4. Customer’s Obligations in relation to the operation of the Platform
4.1 Without prejudice to all other obligations under the Agreement, the Customer undertakes to perform the following obligations in relation to the operation of the Platform and the Mobile Application:
4.1.1 Each month, Customer must ensure that Customer’s Paynest Wallet has enough funds to cover the aggregate value of the Earned Wage and Earned Bonus;
4.1.2 As soon as reasonably practicable, give Software Provider notice if it has a good reason to believe that (a) the Employment Agreement will be terminated or suspended for any reason; or (b) an Enrolled Employee’s salary date and/or circumstances will change in a way that will or might reduce their Net Salary; (c) an Enrolled Employee has requested a leave of absence; or (d) it becomes aware of any other fact or matter that will or might affect Software Provider’s ability to process payments for an Enrolled Employee;
4.1.3 Take all reasonable steps to prevent unauthorized access to and/or use of the Platform, and tell Software Provider immediately if it becomes aware that unauthorized access and/or use has or might have occurred;
4.1.4 (if it gives notice under paragraph 4.1.5), tell the Enrolled Employees that it has done so; and
4.1.5 Ensure that the Enrolled Employees will use the Mobile Application in accordance with the Agreement.
5. Invoicing and Payments
5.1 Services Fees. Customer will pay to the Software Provider the Services Fees for the provision of the Services. The Software Provider will issue the respective invoice on the 5th of the following month and Customer shall be deducted of invoice amount directly from the Paynest Wallet.. Without prejudice of clause 5.7. below, Software Provider will issue the invoices for the Services Fees regarding all Enrolled Employees covered by the Agreement, with at least the Minimum Aggregate Enrolled Employees.
5.2 Transaction Fees. Software Provider shall deduct Transaction Fees directly from the withdrawn amount (Earned Wage/ Earned Bonus Payment) of the Enrolled Employee in accordance with Clause 3.1.2.
5.3 Expense Reimbursements. Customer shall reimburse Software Provider for traveling and out-of-pocket expenses incurred by its personnel solely to the extent traveling is necessary for the performance of the Services and if previously agreed in writing between Customer and Software Provider.
5.4 Taxes. All amounts payable by Customer to Software Provider under this Agreement exclude any taxes, withholding taxes, value added taxes, levies and duties that may be imposed upon Customer’s payments under Applicable Law, save only for taxes arising from Software Provider's net income. All sums payable under this Agreement shall be paid in full and without any deductions (for items such as income, corporation, or other taxes, charges and/or duties), except where the Customer is required by law to deduct withholding tax from sums payable to Software Provider, in which case Customer shall pay to Software Provider such additional amount (along with the payment to which the withholding or deduction relates) in order to ensure that Software Provider receives the same total amount that it would have received if no such withholding or deduction had been required.
5.5 Nonpayment.

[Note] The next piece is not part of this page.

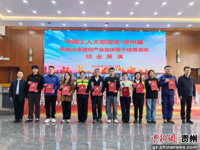 中新网贵州新闻12月16日电 (潘婧)2025年度“中国工人大思政课・贵州篇”机械冶金建材产业宣讲骨干培育活动日前在贵州铝业技师学院举行。贵州省建设投资集团有限公司工会精心选派的两名宣讲骨干赵偲琪、唐琦,在培训期间表现优异,被聘为“贵州省机械冶金建材工会2025年“工人大思政课”宣讲骨干,并作为优秀学员代表进行宣讲展演,她们以生动鲜活的故事、真挚饱满的情感,展现了建投人坚守初心、担当作为的精神风貌,赢得了现场观众的热烈反响与广泛赞誉。

If Customer fails to pay Software Provider, as per the present clause and clause 13.2, Software Provider reserves the right to either (a) suspend the performance of any or all of its obligations and the provision of the Services under this Agreement, until all due and payable amounts are paid in full, or (b) terminate, immediately, this Agreement as per Section 13.
5.6 Other Terms. (a) All invoices issued by Software Provider shall be sent to the designated Customer's address or e-mail address. (b) All fees and other amounts paid by Customer under this Agreement are non-refundable. (c) All amounts referred to in this Agreement are in Euros.
6. Software Provider’s Warranties
6.1 Software Provider’s No Infringement. Software Provider warrants to Customer that (a) it has all rights necessary to grant to Customer access to the Platform, (b) the Platform, as and when Customer gets access to it on the Cloud Environment by Software Provider and if properly used for the purposes and in the manner specifically authorized by this Agreement, does not infringe any patent, copyright, trade secret or other proprietary right of any Person.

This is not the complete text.